周大夫做事太絕了。
此時湯翠林身上就得一條裏褲,好在小甜身上還着了一個內衫,饒是如此,二人也恨不能從開着的窗戶跳到水裏去遮羞。
“快把被子給我。”湯翠林撲上來搶。
周大夫當然是不給,兩人互相拉扯,一時之間誰也不讓誰,其他的人不明內情,也不好上去幫忙。聽到動靜,周半夏打着呵欠從屋中出來,見衆人圍在自己的夫君房前看熱鬧,一邊扒拉衆人,一邊喊他們讓開,好不容易擠到跟前,看到抱在一起互相遮羞的一人,氣得尖叫:“湯翠林,你在幹什麼?這是你的妹妹呀,你瘋了嗎?”
所有人:“……”天吶!
剛開始事情鬧得這麼大,他們還以爲是單純的男女通姦。沒想到竟然是兄妹。
湯翠林聽到這話,心裏一慌,在看到衆人的眼神,忙不迭解釋:“我們不是親生的兄妹,是表兄妹。”
周半夏懵了一瞬,反應過來後,撲上去就打:“湯翠林,你個混賬,你個騙子!你明明說小甜是你妹妹,現在怎麼又變成了表妹?既然你們倆都好上了,爲何還要來娶我?”
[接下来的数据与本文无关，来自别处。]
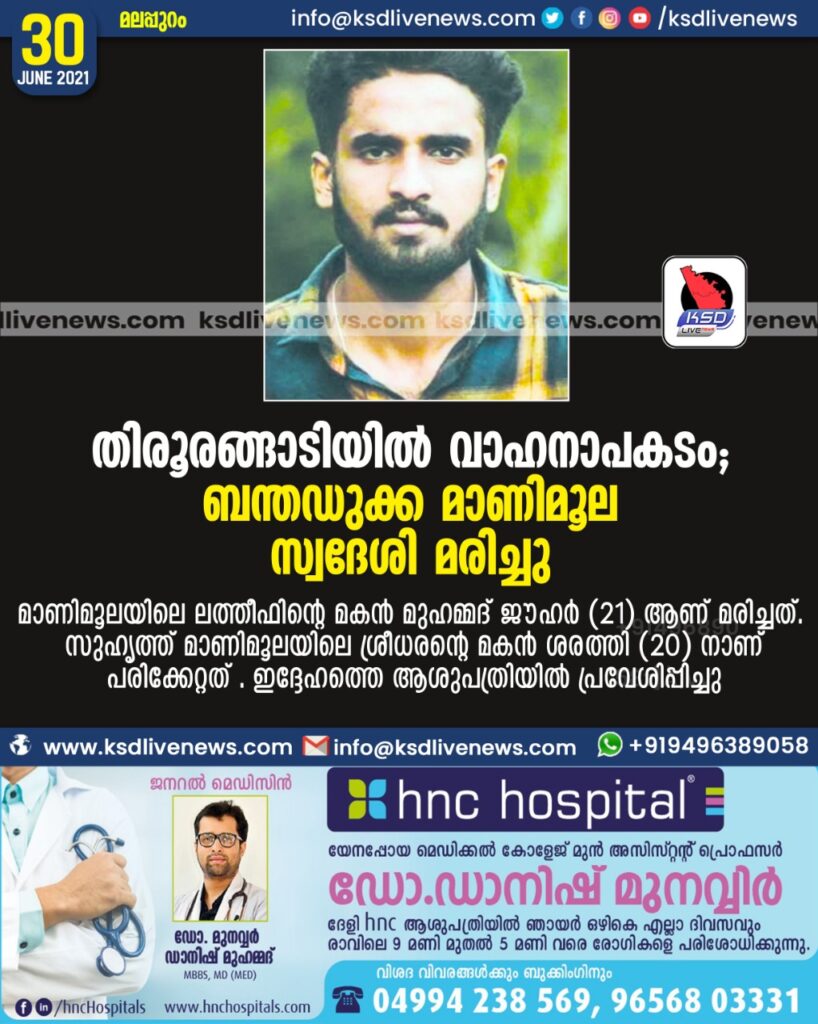 മലപ്പുറം : മലപ്പുറം , തിരൂരങ്ങാടിയിൽ ഉണ്ടായ വാഹനാപകടത്തിൽ ബന്തടുക്ക , മാണിമൂല സ്വദേശി മരിച്ചു . സുഹൃത്തിനു സാരമായി പരിക്കേറ്റു . മാണിമൂലയിലെ ലത്തീഫിന്റെ മകൻ മുഹമ്മദ് ജൗഹർ ( 21 ) ആണ് മരിച്ചത് . സുഹൃത്ത് മാണിമൂലയിലെ ശ്രീധരന്റെ മകൻ ശരത്തി ( 20 ) നാണ് പരിക്കേറ്റത് . ഇദ്ദേഹത്തെ ആശുപത്രിയിൽ പ്രവേശിപ്പിച്ചു . ഇന്നലെ രാത്രി 12.30 മണിയോടെ തിരൂരങ്ങാടിയിലാണ് അപകടം . ഇവർ സഞ്ചരിച്ചിരുന്ന ബൈക്കിൽ പിക്കപ്പ് ഇടിച്ചാണ് അപകടം . പിക്കപ്പിൽ ഉണ്ടായിരുന്നവർ പരിക്കേറ്റവരെ ഉടൻ ആശുപത്രിയിൽ എത്തിച്ചുവെങ്കിലും ജൗഹർ മരണപ്പെടുകയായിരുന്നു . എറണാകുളത്തെ സ്വകാര്യ കമ്പനിയുടെ ഇന്റർവ്യൂവിൽ പങ്കെടുത്ത് നാട്ടിലേയ്ക്ക് മടങ്ങുന്നതിനിടയിലായിരുന്നു അപകടം.മിനിഞ്ഞാന്നാണ് ഇന്റർവ്യൂവിൽ പങ്കെടുക്കുന്നതിനായി സുഹൃത്തുക്കളായ ഇരുവരും ബൈക്കിൽ യാത്ര തിരിച്ചത് . ജൗഹറിന്റെ മൃതദേഹം തിരൂർ താലൂക്ക് ആശുപത്രിയിൽ പോസ്റ്റുമോർട്ടം ചെയ്ത ശേഷം നാട്ടിലേയ്ക്ക് കൊണ്ടുപോകും . ഉമ്മാഞ്ഞിയാണ് ജൗഹറിന്റെ മാതാവ് . സഹോദരങ്ങൾ റസാഖ് , ഷംല . സജീവ കോൺഗ്രസ് പ്രവർത്തകനാണ് ജൗഹർ . ഇദ്ദേഹത്തിന്റെ അപകടമരണം നാടിനെ കണ്ണീരിലാഴ്ത്തി .

周大夫將一人捉姦在牀,本來還有點爽快,看到女兒這樣,心裏忽然就堵了起來。
“半夏,不要打!”
周大夫嘴上說着阻止的話,做出一副上前拉女兒的架勢,實則巴掌朝着湯翠林臉上招呼。
啪啪啪的,甩得特別響亮。
小甜一開始還想上前去護,結果她身上都捱了兩下,本來她就衣衫不整。周大夫又刻意在扒拉,不過幾下,她就扛不住了。本來只着這點衣衫出現在這麼多男人面前就不合適,再扒拉一會兒,她真的沒臉見人了。
周大夫越打越煩躁,這兩個混賬把女兒騙得這麼慘,本來就該挨一頓揍。他扭頭:“麻煩你們誰去底下的艙房將大頭他們一行人叫上來,就說我有事情請他們幫忙。對了,我是他們的東家。”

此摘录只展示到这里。